I would not recommend the CDT if this is the first truly long hike you're looking at. The level of wilderness skill required for it is much more stringent than the other two. The access to resupply and other logistics is more limited. And yes, as earlier mentioned, you'll be much more isolated if you encounter problems.
Also, the timing of your visit will make a significant difference. If your time off begins in say, February or March, the AT is the only real option, since the outher routes are under too much snow to make a traditional thru-hike possible.
OTOH, if you can't get here until after June, the AT is likely again the only good option, and you'll need to walk it southbound because the northern terminus at Mt. Katahdin will close typically sometime in October to all except parties with special approval and experience in snow/ice mountaineering.
If you can get a starting in late April through early June, the other trails become more doable.
I will say the PCT definitely offers better views than the AT. But don't write the AT off. There is an incredible trail culture on the AT built around the trail community and its hikers that I didn't feel in the time I've spent on sections of the PCT.

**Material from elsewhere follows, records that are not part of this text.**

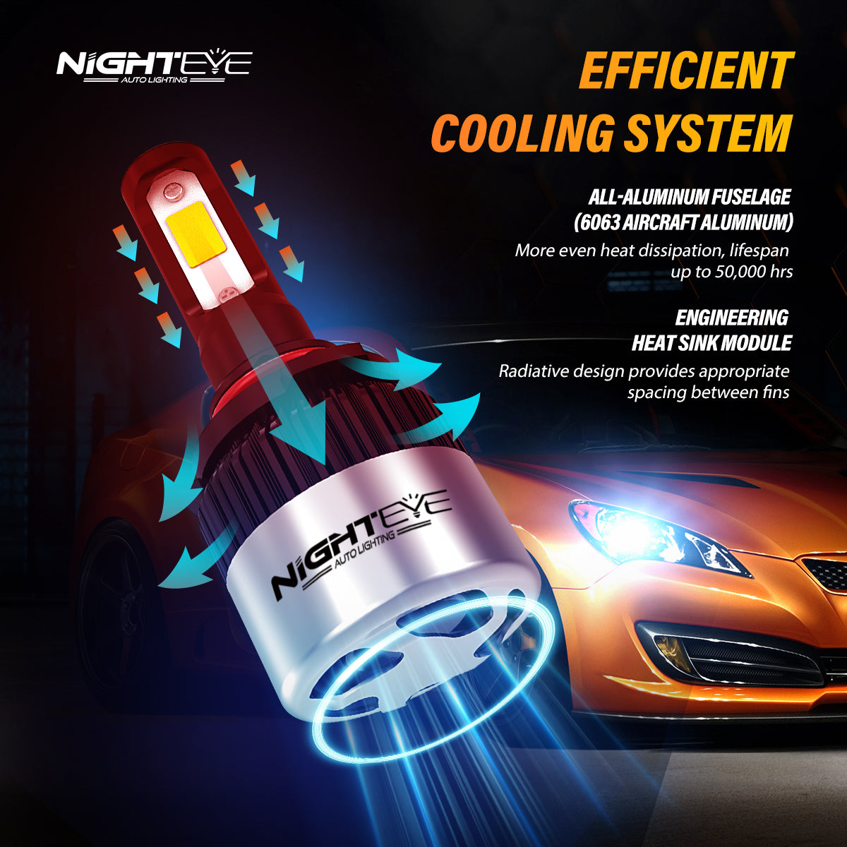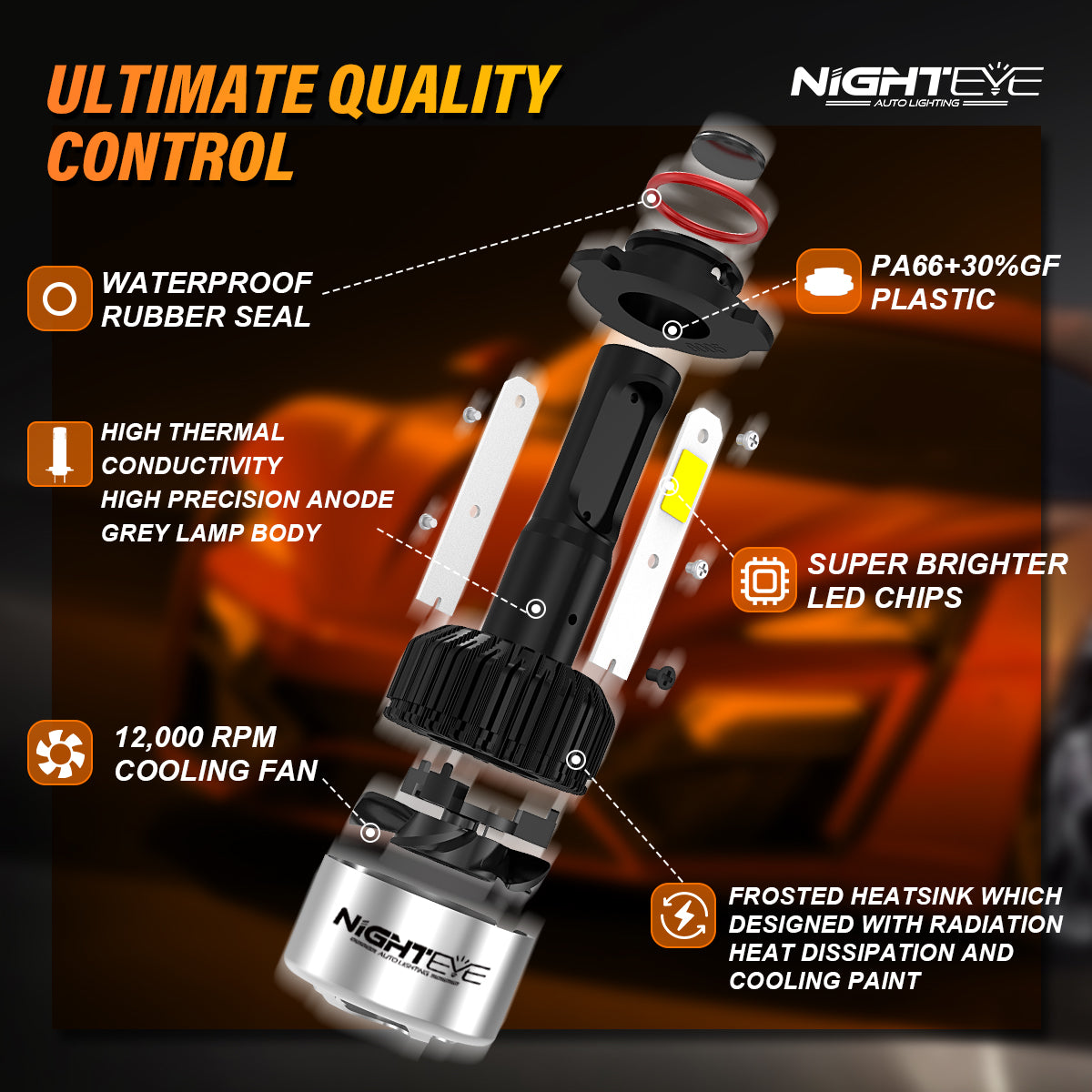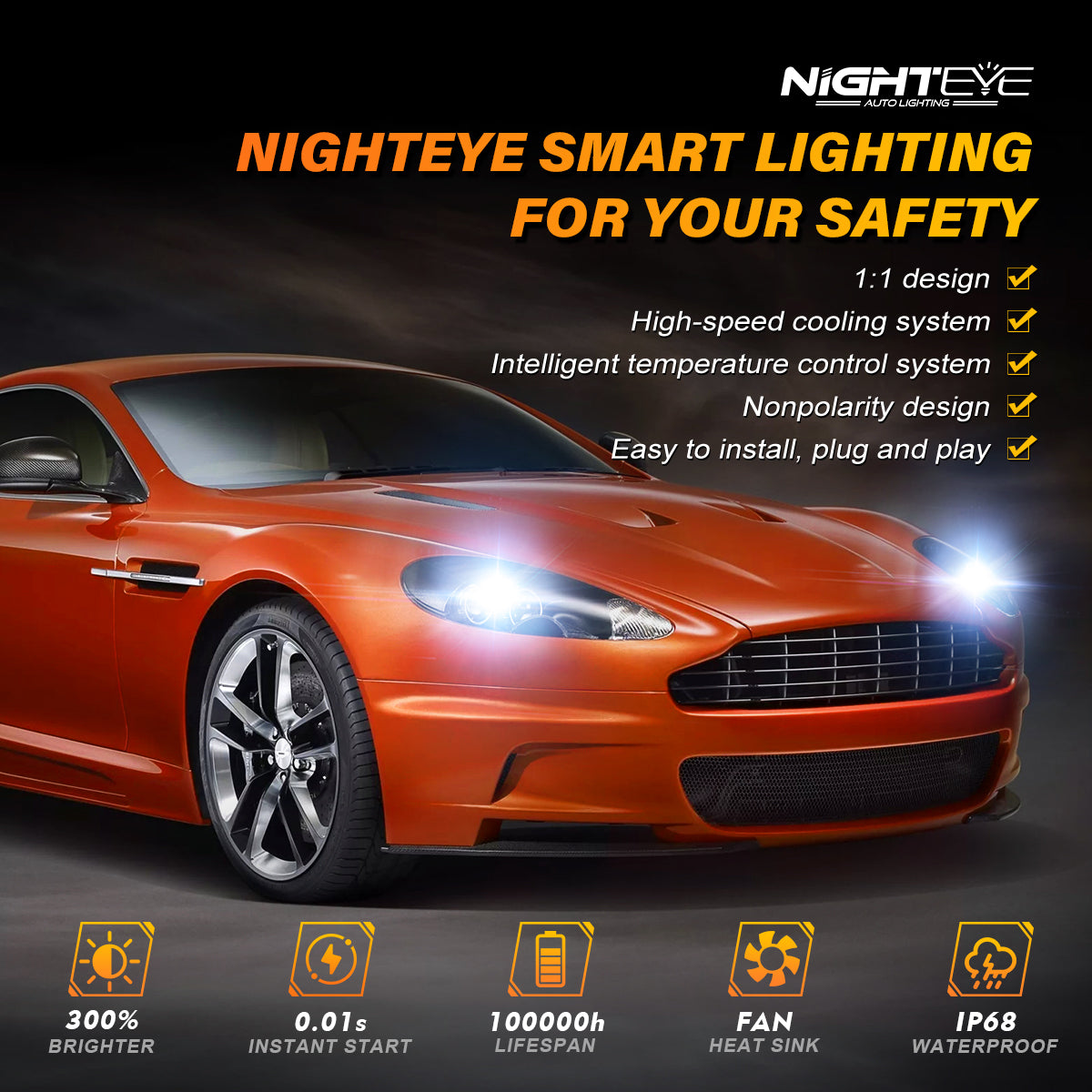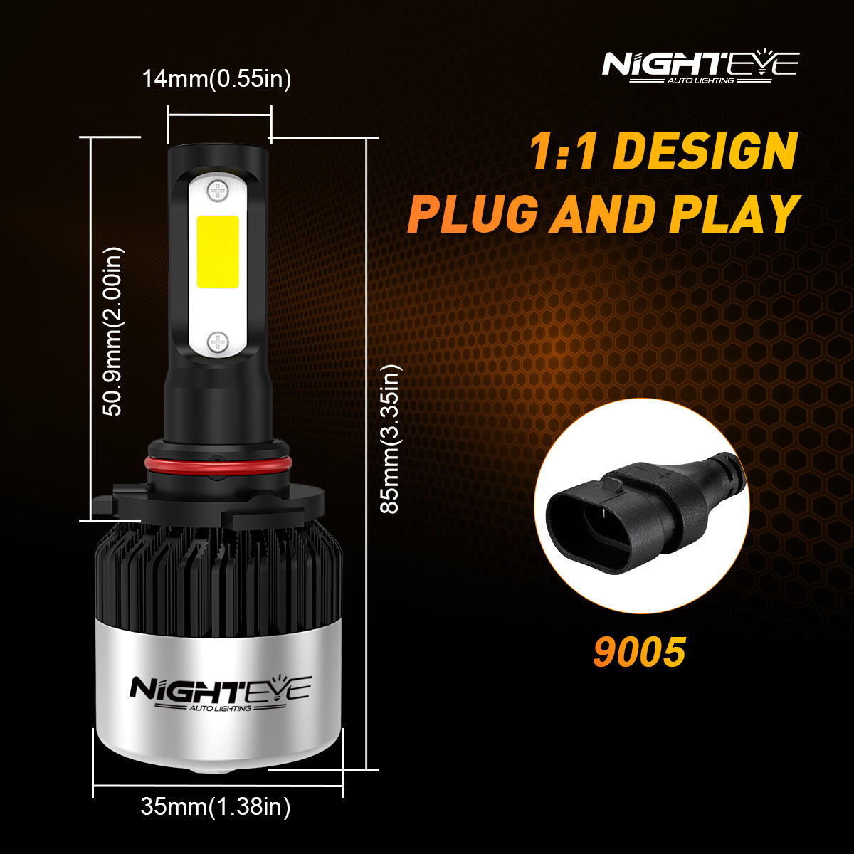 This Nighteye S2 headlight bulb, delivers a stunning 6500K cool white light at an impressive 9000 lumen per set. These bulbs are 60% brighter than traditional HID options, ensuring no dark spots and enhanced clarity. Designed with energy efficiency in mind, they consume only 72W per set, saving you 40% more energy compared to halogen and HID bulbs, all while providing a 360-degree viewing angle. The innovative aluminium alloy heat sink and built-in fan facilitate efficient heat dissipation, extending the lifespan to over 30,000 hours. With a straightforward plug-and-play installation that takes just 15 to 20 minutes, these bulbs fit most vehicles seamlessly. Upgrade your driving experience with the original NightEye product and illuminate your path like never before.
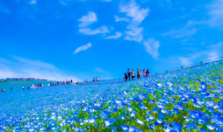 茨城県ひたちなか市にあるこの公園では、4月中旬になると約530万本ものネモフィラが丘を青く染め上げます
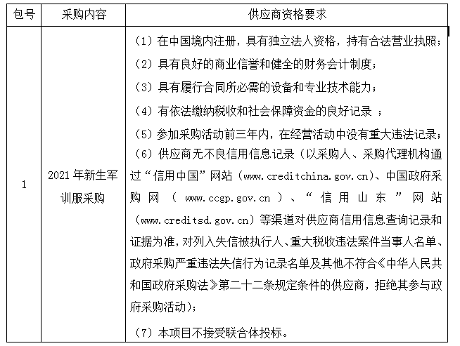 一、采购项目名称:2021年新生军训服采购
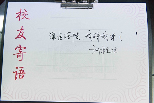 学生代表的采访,并寄语“谦虚谨慎、戒骄戒躁”送给学弟学妹。参观的过程中,刘桂生教授还得到了校党委书记王建中、校纪委书记何志洪老师的亲切接待。
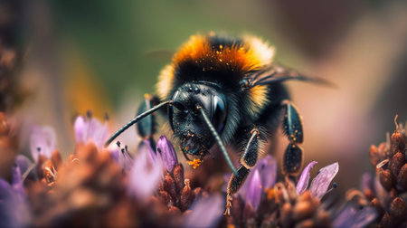 Generative AI : Bumblebee pollinating a hallium purple flower
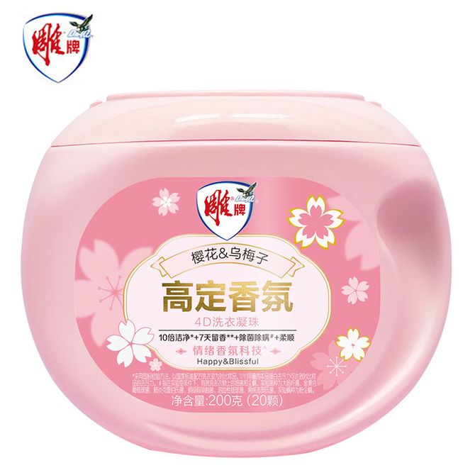 雕牌 洗衣凝珠 20颗 单盒装 高定香氛4D独立四腔 家用除菌除螨持久留香洁净柔顺洗衣球洗衣凝珠 樱花&乌梅子香型
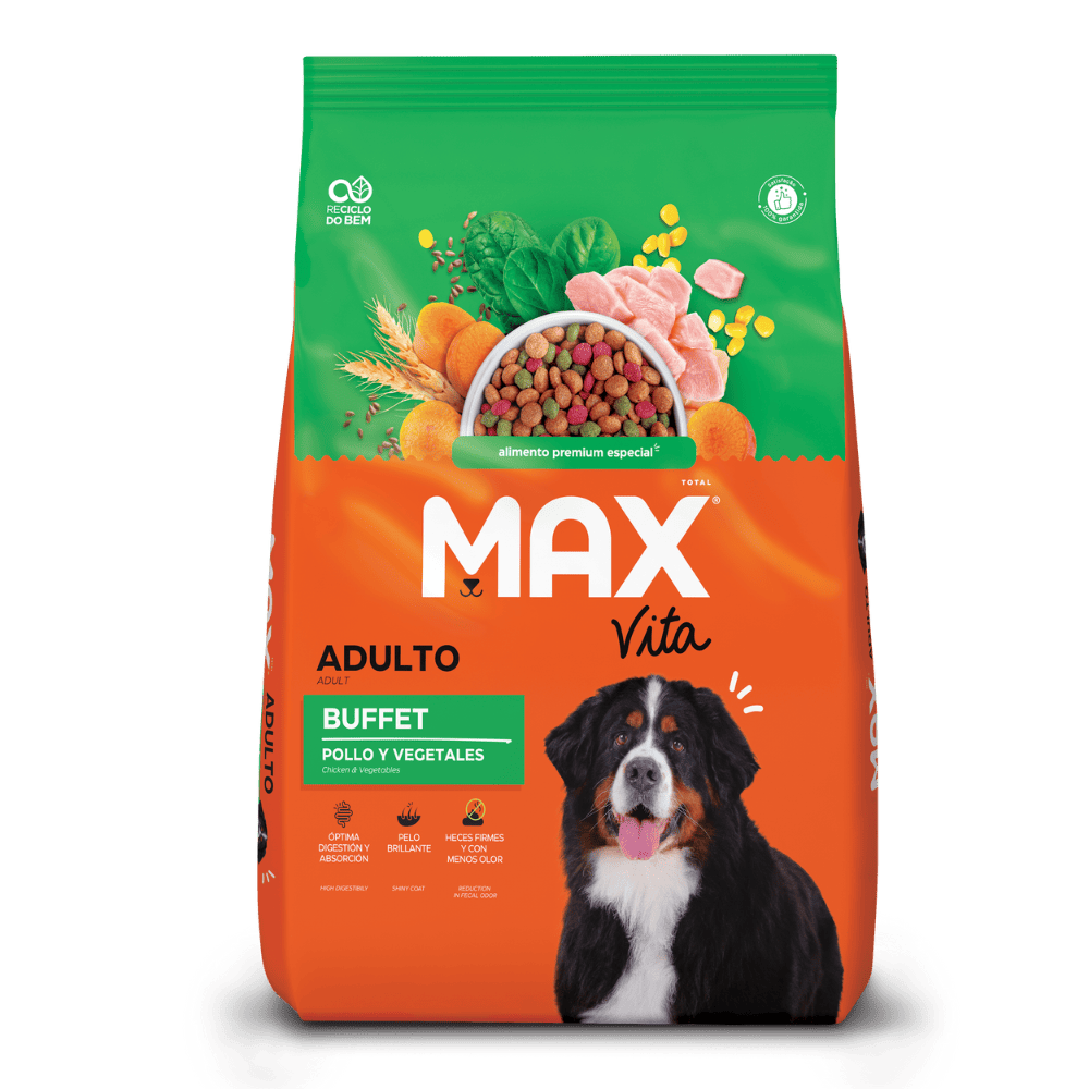 Max Vita es un alimento balanceado para perros adultos de todas las razas, formulado con el sello VITA COMPLEX que garantiza una nutrición completa y equilibrada para el bienestar diario de tu mascota.; Beneficios.; 1. Contiene prebióticos y extracto de yuca que ayudan a reducir el olor de las heces y favorecen una digestión saludable.; 2. Aporta niveles adecuados de proteína y Omega 6 para el mantenimiento de una piel sana y un pelaje brillante.; 3. La crocancia del alimento contribuye a la reducción de la formación de sarro y apoya la limpieza dental.; Modo de uso.; Alimento balanceado indicado para perros adultos de todas las razas.; Servir la ración diaria recomendada según el peso y nivel de actividad.; Almacenar en un lugar fresco y seco.; Consulte al médico veterinario.

Of course, I was section hiking the PCT, while I was fully immersed in trail life as an AT thru-hiker, so I may have missed out of some PCT culture, but the difference was notable to me. AT trail towns are unlike any place I have ever been, and while I am something of an introvert, I found I really enjoyed being part of a wandering tribe on the AT. Plus you get to experience small town America in multiple regions. On the PCT you just don't get so much of a cultural immersion.
But if I had 5 months off now, in the right time of year, I would choose to hike the PCT, having already done the AT.